### Your goal
Could all of the entries be written out exactly, with any pictures omitted?

-------

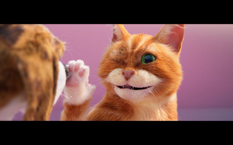 Szene mit zwinkernder Katze und Beagle aus der Kampagne der Felix Burda Stiftung zum Darmkrebsmonat März.
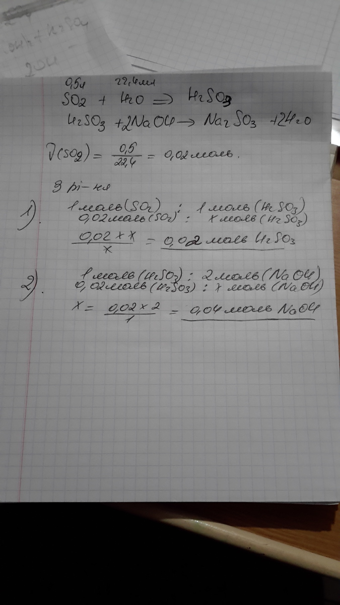 В 0,5 л воды растворили 22,4 мл оксида серы (IV). Сколько моль гидроксида натрия нужно для нейтрализации этого раствора?
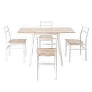 The set includes a large table and four stable chairs, all presented in a fresh Natural wood-look surface paired with a clean White powder-coated metal frame for a modern, breezy Scandi aesthetic. Comfort is key, with the chairs featuring arched seats and an ergonomic backrest for great support. The entire unit is built tough, using a sturdy powder-coated metal tube frame, durable steel fixings, and reinforced installation hardware.
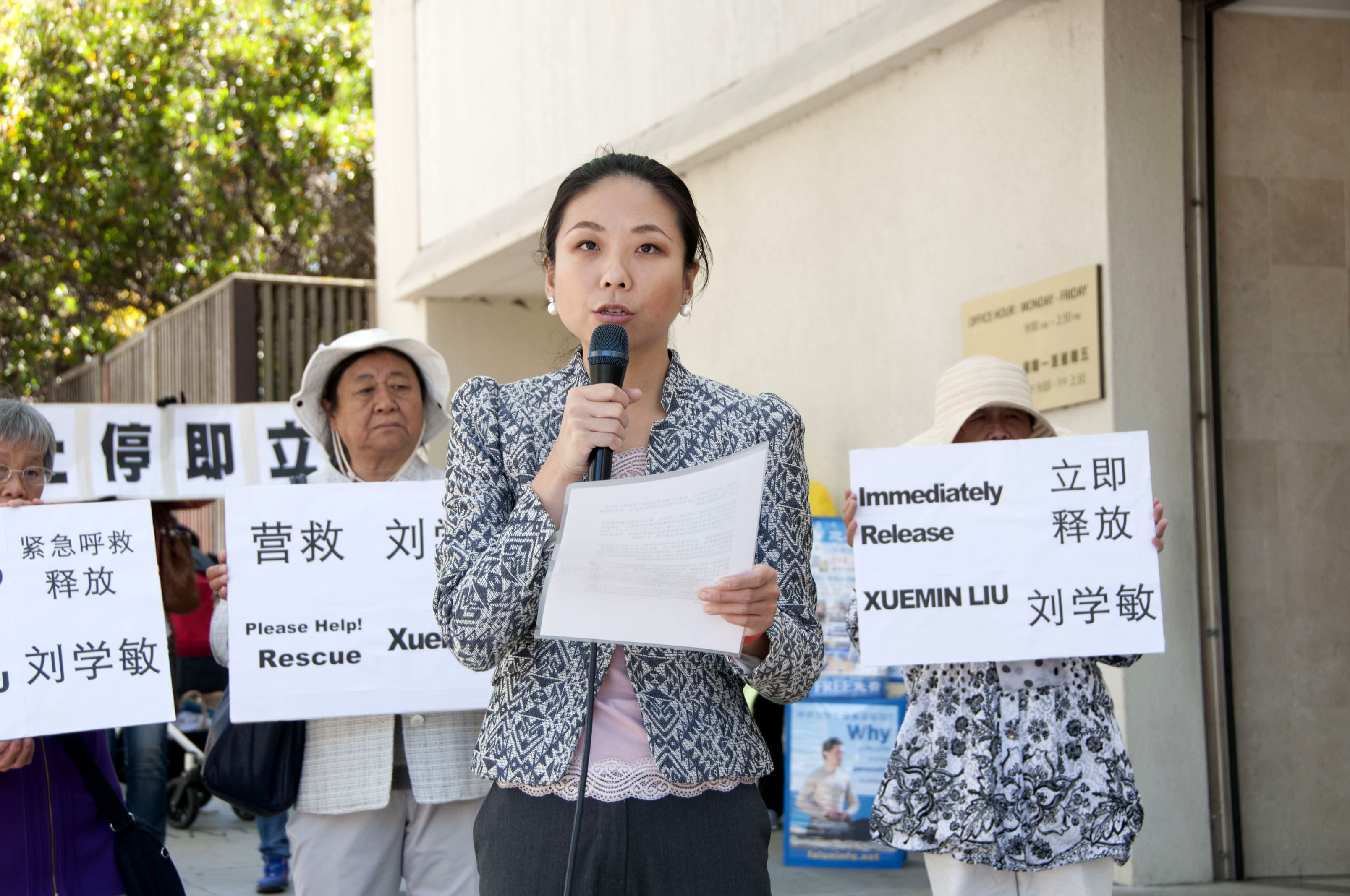 法轮功学员腊梅在集会上发言,营救法轮功学员侯宝琴
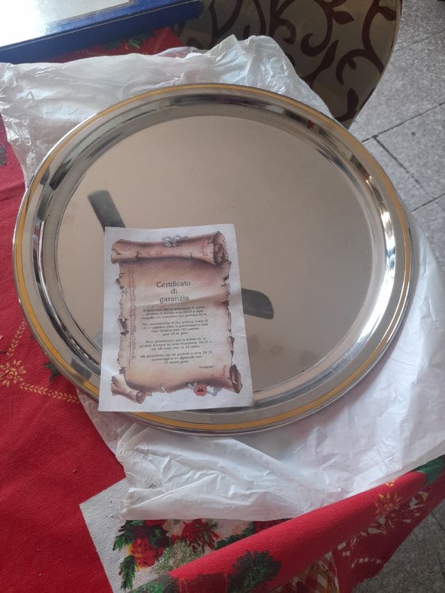 vassoio acciaio bordato oro
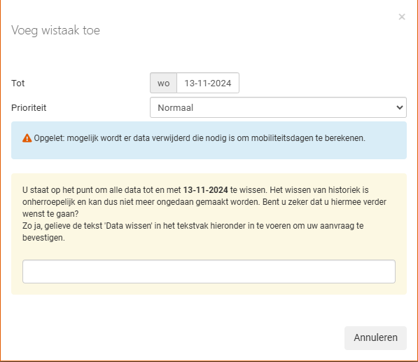 - Lees aandachtig de kader en vul indien nodig nog de tekst in die in de beschrijving staat vermeld ter bevestiging dat u de historiek wenst te wissen.
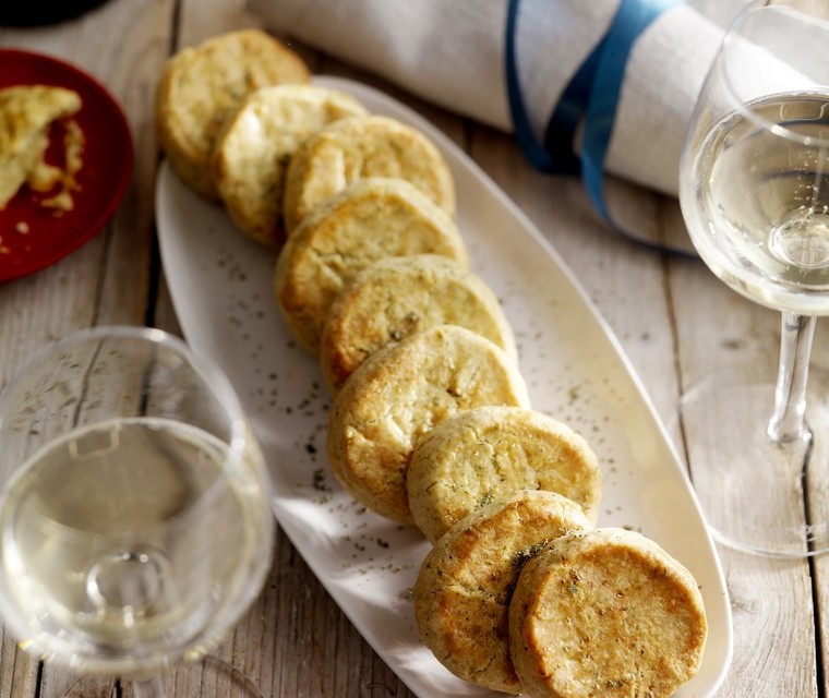 Pincelar con huevo y freír las galletas de queso en el medio del horno en unos 15 minutos hasta que se doren. Servir tibio.

-------

### Response for this exercise
 Szene mit zwinkernder Katze und Beagle aus der Kampagne der Felix Burda Stiftung zum Darmkrebsmonat März.
 В 0,5 л воды растворили 22,4 мл оксида серы (IV). Сколько моль гидроксида натрия нужно для нейтрализации этого раствора?
 The set includes a large table and four stable chairs, all presented in a fresh Natural wood-look surface paired with a clean White powder-coated metal frame for a modern, breezy Scandi aesthetic. Comfort is key, with the chairs featuring arched seats and an ergonomic backrest for great support. The entire unit is built tough, using a sturdy powder-coated metal tube frame, durable steel fixings, and reinforced installation hardware.
 法轮功学员腊梅在集会上发言,营救法轮功学员侯宝琴
 vassoio acciaio bordato oro
 - Lees aandachtig de kader en vul indien nodig nog de tekst in die in de beschrijving staat vermeld ter bevestiging dat u de historiek wenst te wissen.
 Pincelar con huevo y freír las galletas de queso en el medio del horno en unos 15 minutos hasta que se doren. Servir tibio.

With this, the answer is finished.